As one of the most commonly used organic fluorescent dyes, recently rhodamines have been successfully employed in temperature sensing. However, few works have been reported on their temperature-sensitive properties, which inevitably limiting their further applications. In order to solve such problem, we investigated temperature-sensitive properties of rhodamine 110, 123, 19, 6G, B and 3B focusing on their fluorescence emission spectra; and analyzed them in the molecular structure perspective. It is demonstrated that the fluorescence emission intensities of all studied rhodamines decreased with higher temperature, which inevitably enhances the probability of collisions among molecules, thus definitely leads to energy loss in fluorescence emission.
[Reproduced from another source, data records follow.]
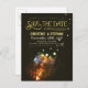 Special and unique save the date postcard with beautiful whimsical mason jar with glowing lights - fireflies. Modern yet vintage save the date perfect for rustic country wedding themes.
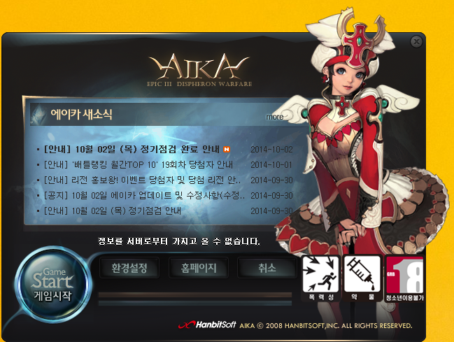 테스트 PC에서 위와 같이 첫 실행때 " 정보를 서버로부터 가지고 올 수 없습니다" 라고 나와서 컴이 버벅이고 CPU 100% 찍어서 그러나? 했지만.. 다른 PC 에서도 마찬가지 라서 그림을 추가. 이상태로는 " 게임시작" 버턴을 눌러봐야 게임 실행 불가!! 해결책은 창을 닫아 버리고 다시 홈페이지 스타트 버튼 누르기.. 또 안되면 반복.
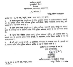 ब्रेकिंग न्यूज: रायपुर के एसपी संतोष सिंह हटाए गए, डॉ लाल उम्मेद सिंह संभालेंगे चार्ज
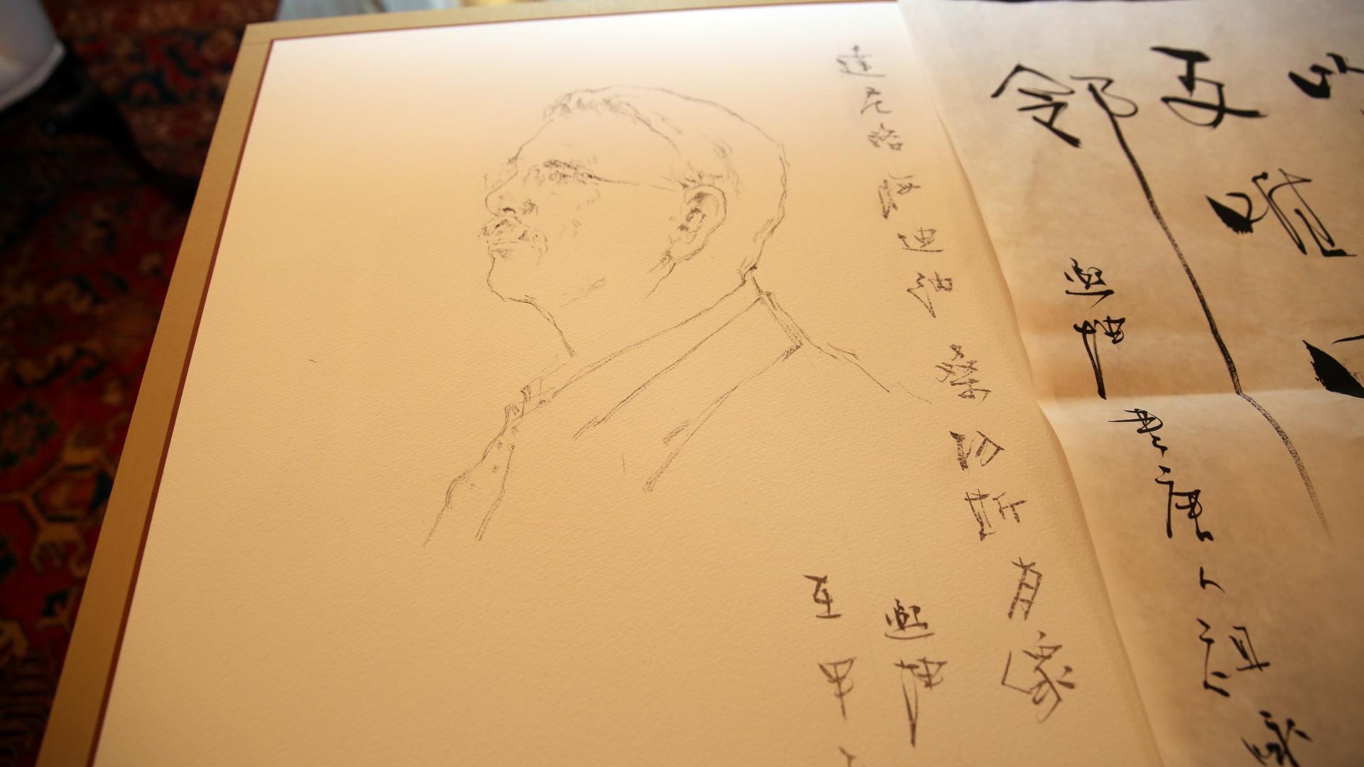 Retrato del Presidente de la República, Danilo Medina Sánchez, elaborado por el reputado escultor y pintor, Yuan Xikun, entregado al mandatario durante visita de cortesía efectuada hoy en el Palacio Nacional.
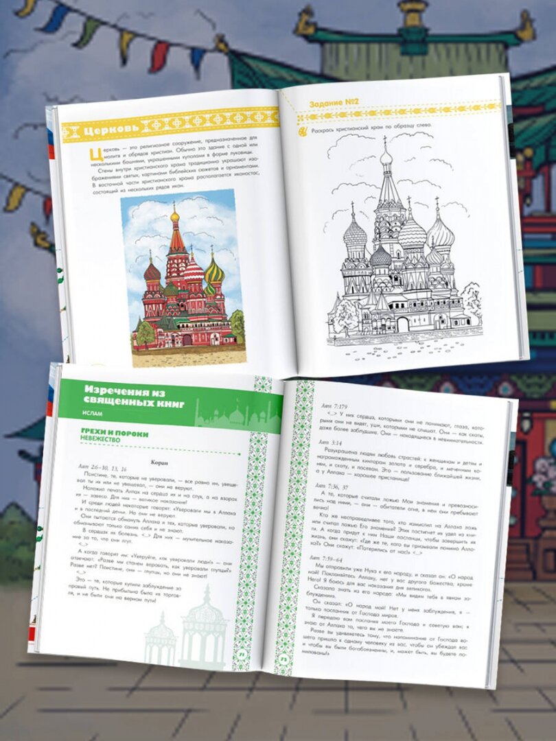В первую очередь скажу, что материал в этой книге представлен довольно деликатно, простыми фразами и отпредилениями. Но, как по мне, информацию можно было бы слегка расширить, поскольку те же самые определения не дают полную картину видения и у ребенка появляется больше вопросов, ответов на которые в этой книге, к сожалению, нет. Книга красочная, яркая. Ребенку понравились раскраски, но не идея раскрашивать по шаблону, поэтому она сама выбирала как будуть выглядеть храмы. Мне как родителю нравится идея просвещения ребенка в разных аспектах, в том числе в вопросе существующих религий. Порекомендую эту книгу как источник общего развития, но на многие Почему? придется все же отвечать родителям.
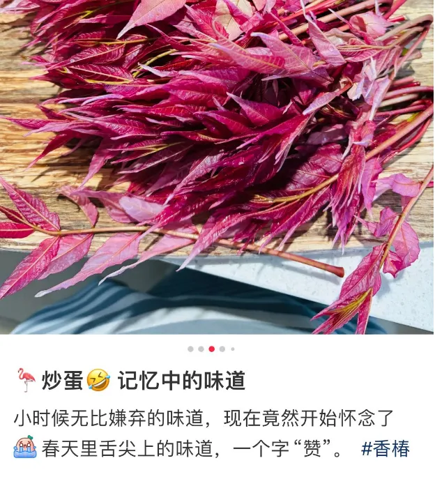 感觉大家吃的不仅是香椿,更是乡愁,一口香椿入口,很多儿时的记忆也会伴随着味道袭来。
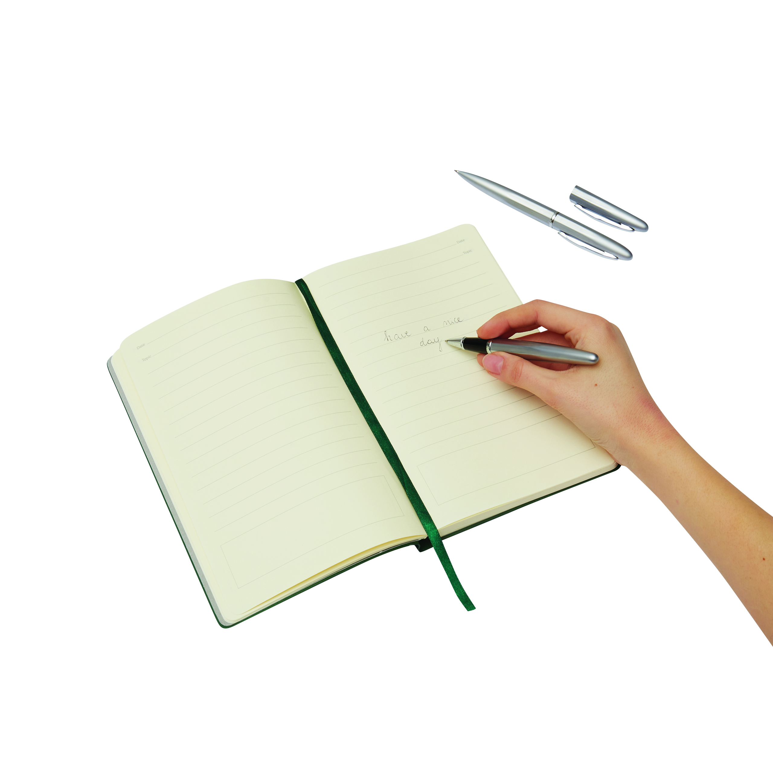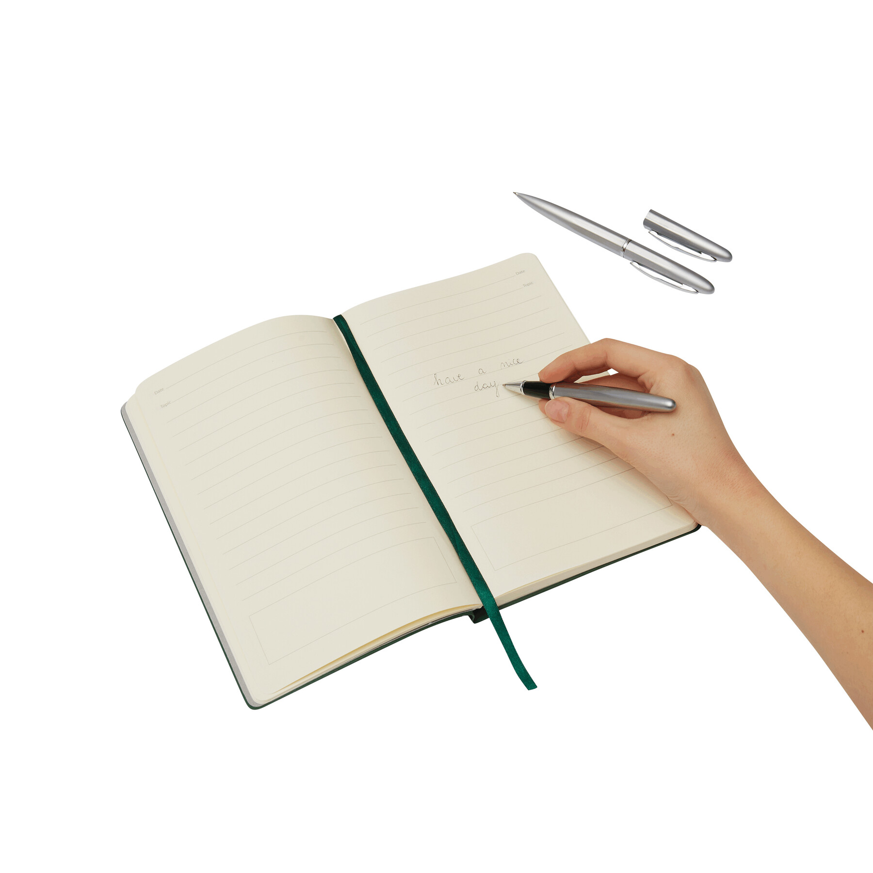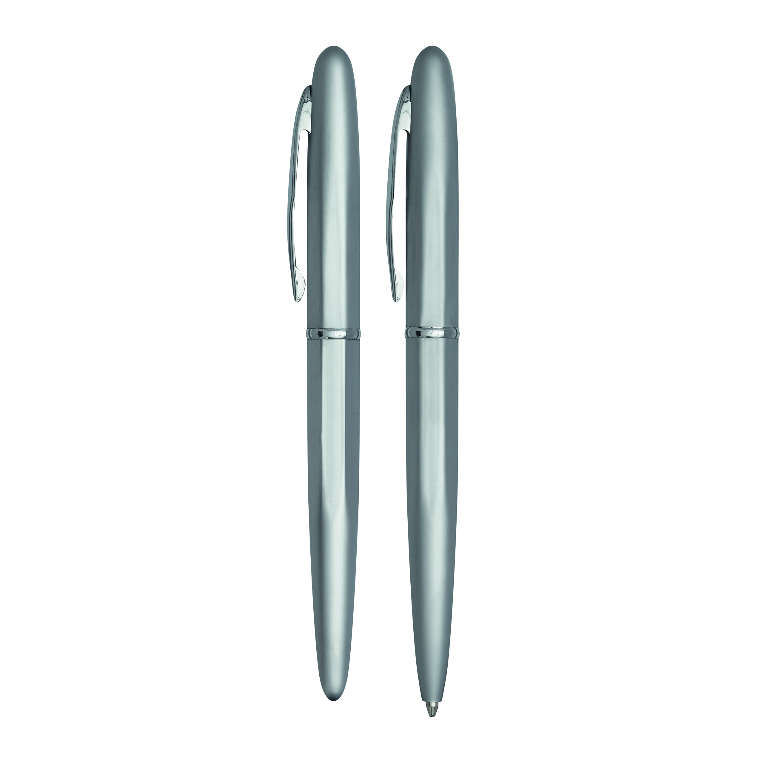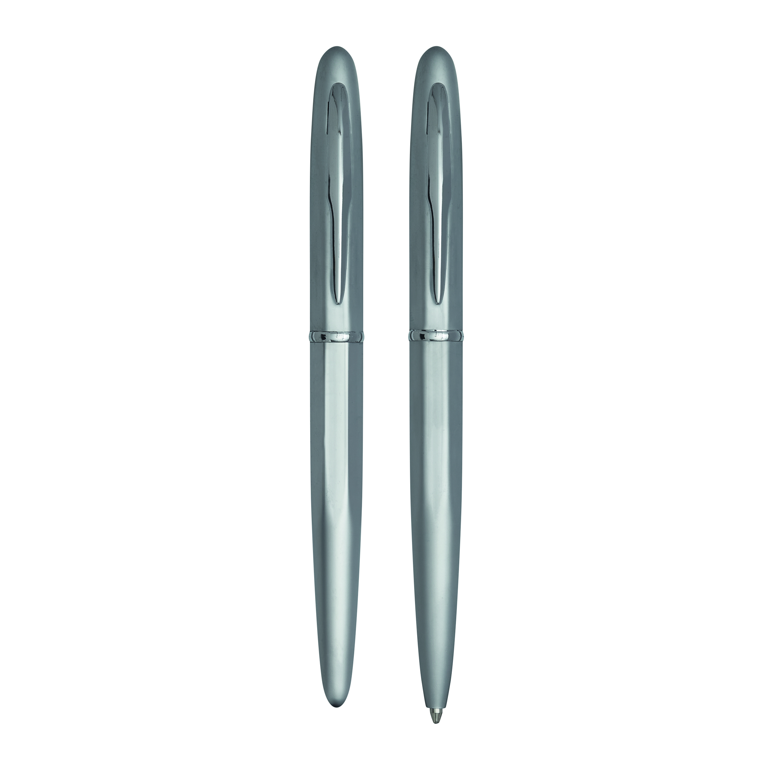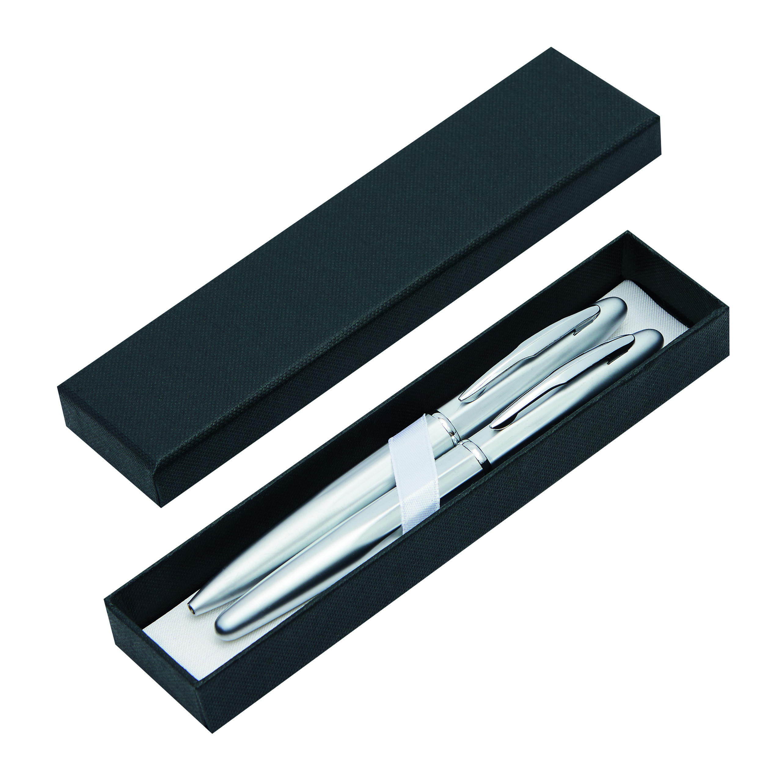 Zestaw do pisania COMTESSE zawiera długopis z obracaną obsadką i pióro kulkowe. Wykonane z trwałego, satynowego metalu z kontrastującymi chromowanymi elementami.

While these rhodamines still have various temperature sensitivities mainly due to the substitutes: the substitute on the benzene carboxylate has little effect; the amino substituents of the three-ring xanthene enhance the temperature sensitivity due to their rotation weakening the rigidity of the three-ring xanthene; and the methyl substituents on the three-ring xanthene reduce the temperature sensitivity by enhancing the rigidity and stability of the three-ring xanthene as well as hindering the rotation of ethylamino. These findings can also be extended to other organic fluorescent dyes proved by coumarins comparable to rhodamines. The results provided by this work can be useful reference and guidance to further develop organic fluorescent dyes especially for temperature sensing.